Universidad Autónoma de Aguascalientes

La otra revolución: el empuje al sistema educativo en el México posrevolucionario (parte 1)

PDF | 5064 | Hace 3 años | 31 julio, 2020

Francisco Javier Avelar González

El 25 de julio de 1921, gracias a las gestiones y la labor de convencimiento de José Vasconcelos -entonces rector de la Universidad Nacional de México-, el presidente Álvaro Obregón decretó la creación de la Secretaría de Educación Pública. Es cierto que fue hasta octubre que esta secretaría pudo materializarse oficialmente; sin embargo, la importancia del 25 de julio radica en que fue entonces cuando la idea de su gestación tuvo el eco y el apoyo necesarios de la Presidencia.

Aunque ahora no hacen falta explicaciones para justificar la existencia de una institución semejante, conviene recordar el valor histórico de su surgimiento precisamente en aquel momento, casi una década después de que comenzara esa enorme guerra nacional provocada por el asesinato del presidente Francisco I. Madero y la usurpación de la investidura presidencial perpetrada por Victoriano Huerta.

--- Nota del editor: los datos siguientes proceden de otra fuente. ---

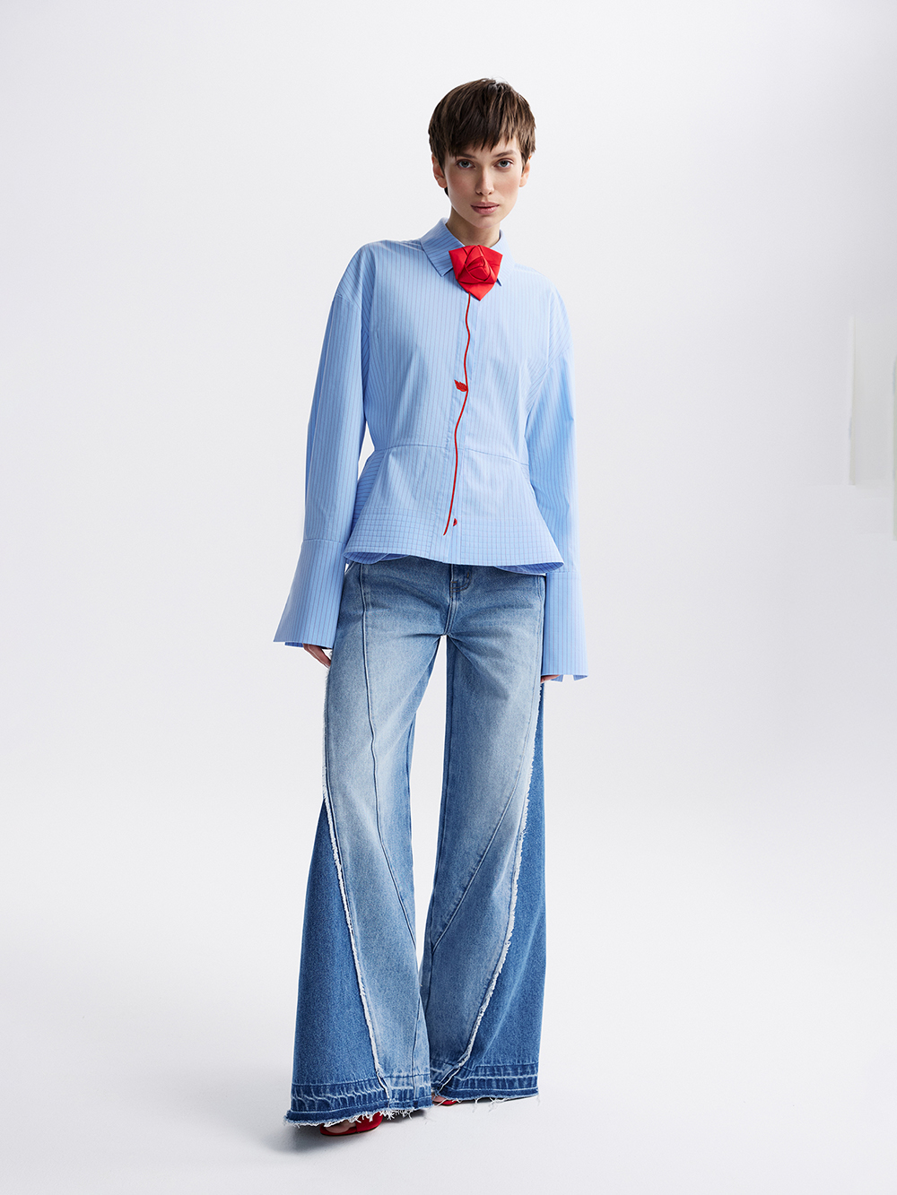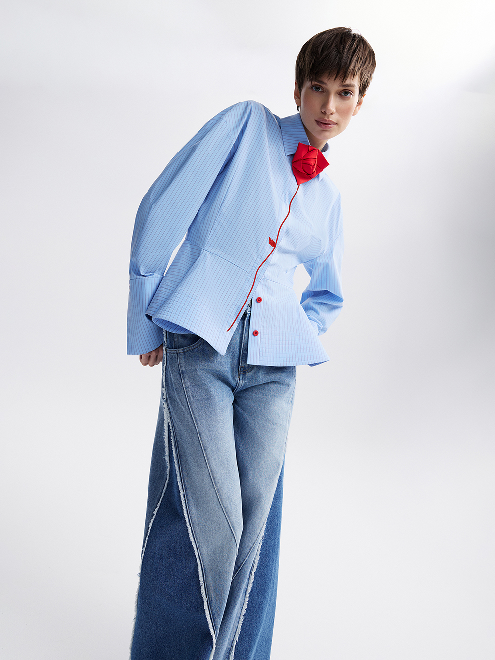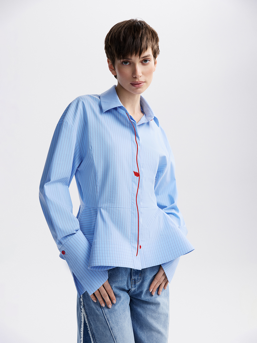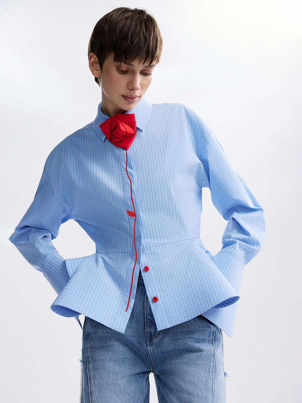 Рубашка с баской украшена вышивкой и розой, выполненной в технике оригами. Роза крепится на петлю и пуговицу под воротником, её можно снять при желании. Выразительный силуэт с акцентом на талии: баска, собранная в складки и дополнительно уплотнённая прострочкой, перекликается с широкими манжетами. Рубашка выполнена из приятной к телу хлопковой ткани с долей искусственных волокон, чтобы ткань меньше мялась, не теряла форму и за ней было проще ухаживать.

Como sabemos, la lucha contra Huerta derivó -después de su caída- en diversas pugnas internas entre los principales caudillos. A pesar de las diferencias entre las facciones revolucionarias, en 1917 la voluntad conjunta y el afán de establecer bases sólidas para la justicia social y la democracia, permitieron que pudiera redactarse y aprobarse una nueva Constitución Política para el país. Este documento, ejemplar en todo el mundo por su especial atención a las garantías sociales, significó el primer paso concreto -desde la construcción y el consenso- que daríamos para convertirnos en la nación que somos. Sería también el más grande fruto después de tantos sacrificios y derramamiento de sangre de connacionales.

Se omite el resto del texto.